Alex Miller·April 6, 2026·coding, agents, ai-generated

How We Stopped Overthinking AI Architecture at Quotient

The State of Agents in Early 2024: A Mess, Honestly

Back in early 2024, if you wanted an LLM to actually do something — not just chat, but call a function, interact with an API, update a record — you were in for a ride. OpenAI had only launched function calling in June 2023, and that was exclusively for GPT-3.5 and GPT-4 via their API. If you wanted tool use from an open-source model, your options were grim — I remember spending hours getting OpenHermes to spit out XML I could reliably parse as a tool call. It would work for a while, then fall apart the moment I loaded more than about ten tools into context. LangChain had been around since October 2022 and shipped its own abstractions for tool calling, but under the hood it was all the same duct tape — custom parsers for tool execution, bespoke RAG pipelines, prompt templates held together with good intentions. Tools were precious, precious context back then.

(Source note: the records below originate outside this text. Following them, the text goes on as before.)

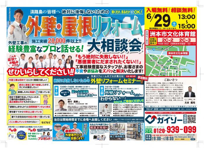 6/29◆外壁・屋根リフォーム大相談会◆洲本市文化体育館にて開催決定!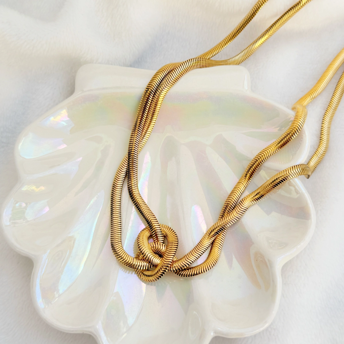 El Collar eterno es una pieza moderna y llena de carácter, para acompañarte siempre sin perder su brillo. Su diseño tipo serpiente con un nudo elegante al centro simboliza unión, fuerza.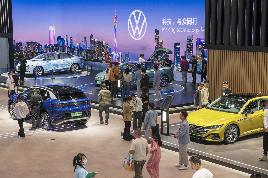 People visit booth of SAIC Volkswagen at an auto show in Guangzhou, Guangdong province, Nov 20, 2023. [Photo/VCG]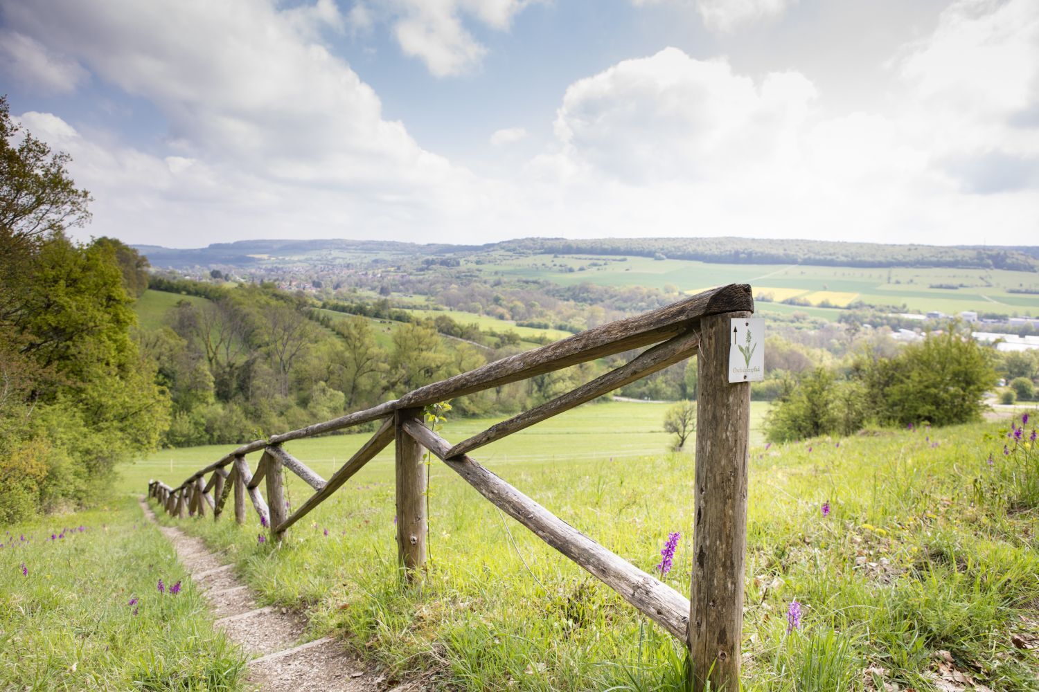 Parts of the area have been under protection since 1957. The new Orchid Trail features ten stations showing special species in the area, why they occur here specifically, and why they can only be preserved with appropriate care. Besides the orchids, the experience trail also shows other special species from the groups of butterflies, birds, and grasshoppers. The smaller circular trail is about 1.8 km long and includes seven stations; if you choose the detour to the Kalkquellsumpf, you can see all ten stations walking about 2.8 km. The path has some ascents and descents and is mostly only a narrow trail. Good footwear is therefore recommended.

As a developer these were early, head scratching, hair tearing-out, exciting, grueling days. Teams everywhere seemed to be wrestling with how to adapt LLMs to their specific use-cases and product requirements, and inventing new terminology and primitives in order to describe the problems they were trying to solve. The landscape moved fast and mercilessly — the 2023–2024 explosion produced over 40 active frameworks in production, and the churn was relentless. A lot of the diversity came from the fact that lots of smart people were trying to solve a bunch of discrete problems within their multiplicative use cases all over the world — but the core problem for developers was that building agentic systems was multi-dimensionally difficult:

Model performance was comparatively poor. What we consider baseline capabilities today was cutting-edge research back then. Models were less well-trained and far less reliable at structured output.
Optimization was a full-time job. Getting appreciable performance meant investing heavily in prompt writing and rewriting (we hadn't started talking about "context engineering" yet), or fine-tuning — which, frankly, most teams don't really do until they have significantly more time and resources than a startup typically affords.
Each optimization only covered a single task. All that effort would yield a system tuned for one workflow — what the industry eventually started calling "agents." You'd need multiple agents working in concert to build anything of appreciable substance for an end user beyond a generic chat interface.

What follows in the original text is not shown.